There are also aggravated sexual assault (involving injury) and using a weapon/threats in the commission of sexual assault.

Any comparison between the rate of rape anywhere and the rate of rape in Canada is FICTIONAL. In the case of police-reported figures, what it will be is a comparison of the rate of rape somewhere else and the rate of SEXUAL ASSAULT in Canada.
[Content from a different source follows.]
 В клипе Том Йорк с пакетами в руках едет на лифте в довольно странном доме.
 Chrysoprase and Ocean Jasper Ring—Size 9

For starters, the Canadian offence includes sexual assault on MALE PERSONS. It also includes ANY assault of a sexual nature - any sexual activity without consent.

Facts about police-reported sexual offences in Canada, 2008:
http://www.statcan.gc.ca/daily-quotidien/090721/t090721a1-eng.htm

Sexual assault, level 3, aggravated: 139 - 0/100,000 (down 3% from 2007)
Sexual assault, level 2, weapon or bodily harm: 352 - 1/100,000 (down 10%)
Sexual assault, level 1: 20,992 - 63/100,000 (down 1%)
Sexual violations against children: 1,379 - 4/100,000

Sexual assault, level 1, is obviously INCLUDED in the figures you cite (73/100,000, by survey), or else the survey is saying something completely fucking bizarre and unbelievable.
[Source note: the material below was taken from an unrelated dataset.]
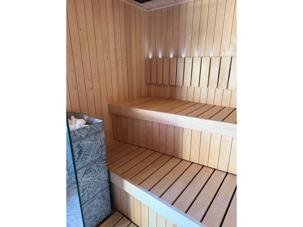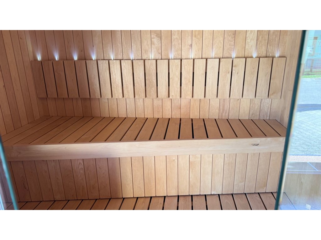 Vnější i vnitřní obklad: Palubky z olšového dřeva – jemné na dotek, minimálně smolnaté, ideální pro saunové prostředí

I have no idea what survey idiocy would produce this sort of wildly wrong figure for this category, but I assure you, it is simply wildly wrong. There simply is NOT some widespread tendency on the part of women in Canada, way beyond the tendency of women in other countries, to refrain from reporting rape to the police. Really. There is not.

And what I can simply never understand is why anyone would be so eager to open their head to such obviously, on their face, bizarre and unbelievable "facts".

You do NOT get a survey-reported "rape" rate that exceeds the number of police-reported low-level sexual assaults in a country, without something being seriously screwy somewhere, for pity's sake.

EDIT - I erred in my interpretation of "survey" - I had just glanced at the source for the nationmaster figures. It is:
Seventh United Nations Survey of Crime Trends and Operations of Criminal Justice Systems, covering the period 1998 - 2000 (United Nations Office on Drugs and Crime, Centre for International Crime Prevention)
i.e. it is taken from official figures; it is not a victimization survey. My first interpretation is obviously correct - the figures for Canada include ALL SEXUAL OFFENCES and are therefore FALSE as a representation of the rate for "rape".


Is that clear now?

Whatever Canada had to do with anything ...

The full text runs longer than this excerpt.